Purpose/Objective(s): To compare the efficacy of definitive concurrent chemoradiotherapy (dCRT) and dCRT followed by immune checkpoint inhibitors (dCRT+ICIs) in locally advanced esophageal squamous cell carcinoma (ESCC) and to evaluate the safety of the dCRT+cICIs modality. Materials/

Methods: A total of 353 patients with esophageal cancer from five provincial hospitals in China were included in the study. The inclusion criteria were as follows: 1) aged 18–75 years; 2) with pathologically or cytologically proven ESCC; 3) with clinical stages T3N+M0-1 and T4N0/+M0-1 (according to the American Joint Committee on Cancer, version 8) with M1 limited to the supraclavicular lymph nodes metastases; 4) who have received dCRT or dCRT+cICIs. Clinical factors including gender, age, smoking history, alcohol consumption, tumor location, clinical T, N, M and total stage were matched in a ratio of 2:1 between the dCRT and dCRT+ICIs groups using propensity score matching (PSM). Overall survival (OS) and progression-free survival (PFS) were analyzed between the two groups, and objective response rate (ORR) and irAEs were calculated in the dCRT+ICIs group.

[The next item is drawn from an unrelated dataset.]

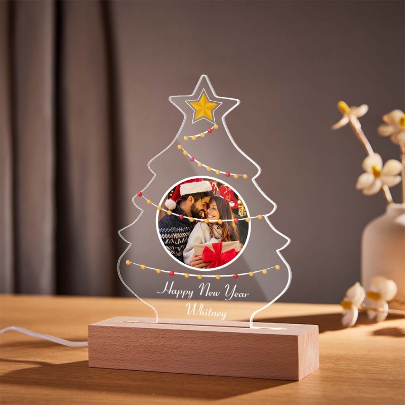 Personalised Christmas Tree Photo Night Light Custom Engraved 3D Lamp 7 Colors Acrylic Night Light Christmas Day Gifts

Results: A total of 176 ESCC patients from 2019 to 2021 were enrolled, including 123 patients in the dCRT group and 53 patients in the dCRT+cICIs group. The median age of the entire patient group was 65, with 83% being male. Additionally, 60.2% of the patients were classified as stage ?A and ?B. Median follow-up of the entire patients was 37.8 months. After PSM, there were 90 patients in dCRT group and 45 patients in dCRT+cICIs group. After PSM, median OS was 15.4 months in the dCRT group and 37.0 months in the dCRT+cICIs group (HR, 0.46; 95%CI, 0.28-0.75; P=0.0016). OS at 1 and 2 years was significantly higher in dCRT+cICIs group than in the dCRT group (88.7% and 61.3% vs 60.9% and 31.6%). After PSM, median PFS was 9.3 months in the dCRT group and 27.4 months in the dCRT+cICIs group (HR, 0.47; 95%CI, 0.30-0.74; P=0.00094). Patients in dCRT+cICIs group had better 1- and 2-year PFS than patients in the dCRT group (77.8% and 55.8% vs 43.1% and 20.1%). Approximately 43.4% of patients experienced irAEs, and grade 3-4 irAEs occurred in 13.2% of patients. The most common was hypothyroidism in 11.3% of patients.
Conclusion: Our preliminary findings suggest that consolidation immunotherapy after dCRT could prolong the OS and PFS in patients with locally advanced ESCC and that irAEs were tolerated.